Authors, beware! The next time you post your work on social media, you may lose significant ownership rights. A core principle of U.S. copyright law is that the author controls how their work is used, and can earn money from that use if they wish. But what happens when a photographer posts her work on Instagram and a large corporation uses it without compensating the photographer? This is exactly what happened to Stephanie Sinclair, a Pulitzer Prize-winning photojournalist, who has been published in National Geographic and the New York Times Magazine.
On September 22, 2015, Sinclair posted a photo to her Instagram account, where it was – and still remains – available to the public. Ziff Davis subsidiary Mashable offered Sinclair $50 for use of the image, which Sinclair declined. Mashable included the photograph anyway, by embedding the Instagram post in its article “10 female photojournalists with their lenses on social justice”. Sinclair sued for copyright infringement in the Southern District of New York.
When deciding online copyright infringement cases, courts have generally followed the holding of a 2007 9th Circuit case, Perfect 10 v. Amazon.com,Inc., that embedding a link to an image hosted on another Internet website (whether through framing or by showing thumbnails of the image) does not constitute “display” or “distribution” of the work, and therefore the website using this method is not liable for copyright infringement. However, in 2014, the U.S. Supreme Court held in American Broadcasting Cos., Inc. v. Aereo, Inc. “that liability should not hinge on invisible, technical processes imperceptible to the viewer…” The Southern District of New York made waves in 2018, when Judge Forrest followed Aereo’s holding in Goldman v. Breitbart, stating that, regardless of the technology used, the website displaying an image without permission “violated plaintiff’s exclusive display right.”

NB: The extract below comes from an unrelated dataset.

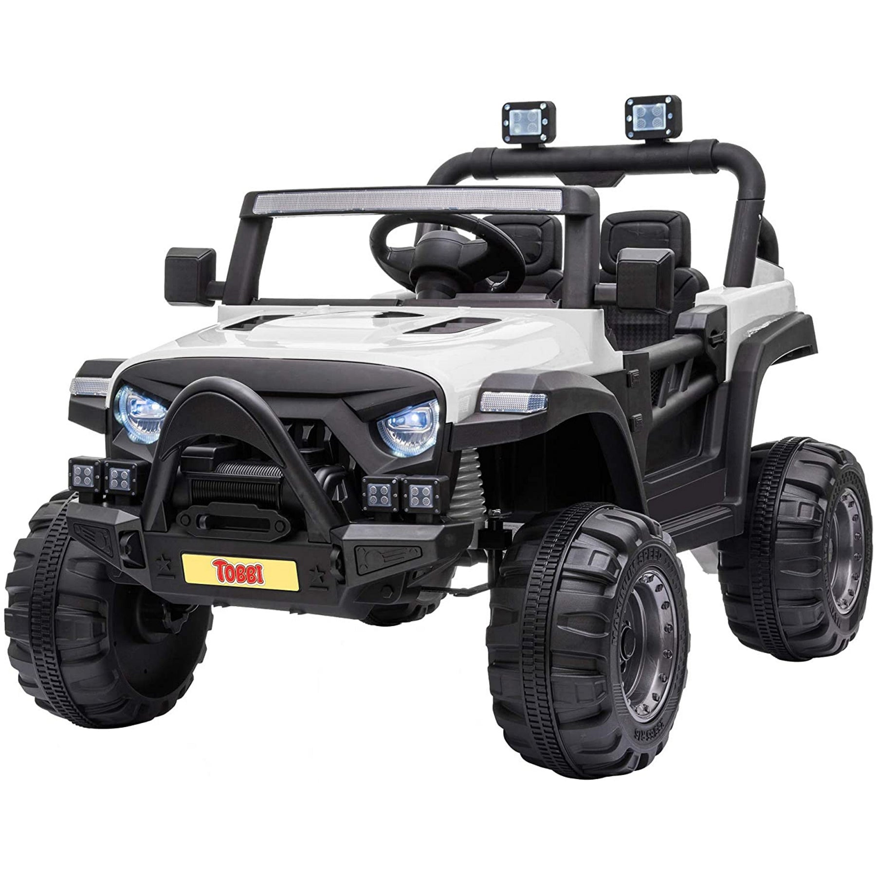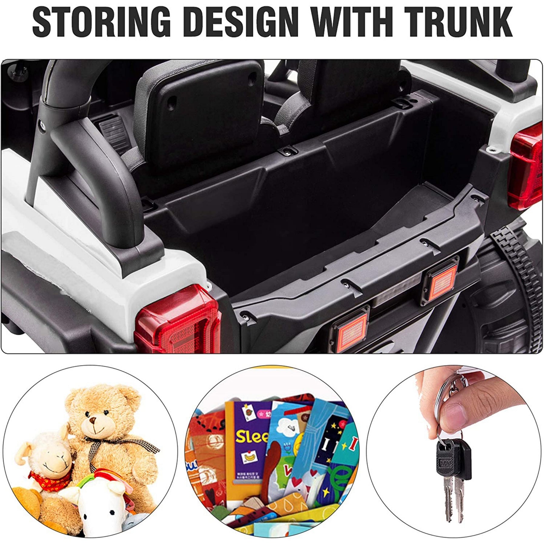 - Advanced kids' ride-on car comes with distinctive grille, roll bars, two open doors with lock, front and back fenders, rear luggage box, and realistic bodywork details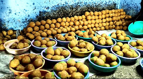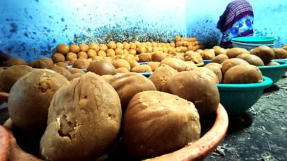 தயாா் செய்து குளிரவைக்கப்பட்டுள்ள அச்சு வெல்லம் மற்றும் உருண்டை வெல்லங்கள்.

Flash forward to April 2020, with Judge Wood hearing Sinclair’s complaint for infringement in the Southern District of New York. Should the judge follow Aereo, Perfect 10, or Goldman? The answer was “none of the above”; in a short opinion issued, Judge Wood instead relied on Instagram’s Terms of Use. According to the Terms, an author uploading content to Instagram “grant[s] to Instagram a non-exclusive, fully paid and royalty-free, transferable, sub-licensable, worldwide license to the Content that you post on or through [Instagram]…” Further, Sinclair chose to make the photograph public, rather than private. “Thus, because Plaintiff uploaded the Photograph to Instagram and designated it as ‘public,’ she agreed to allow Mashable, as Instagram’s sublicensee, to embed the Photograph in its website.” Sinclair’s complaint for infringement was dismissed. Ziff Davis has removed the image from its current version of the article.
This case serves as a stark reminder to authors: read the terms of use when uploading your work to social media. I recall a case from a few years ago, when a large European law firm sent my client a letter demanding that he pay a substantial amount for posting a photographer’s work without permission. Fortunately for my client, he had obtained the image from Flickr, which means that the author licensed the work to any Flickr user – for free! The fact that the author had later removed the photograph from Flickr didn’t change that fact. After I sent the law firm a couple of very direct letters, they left my client alone.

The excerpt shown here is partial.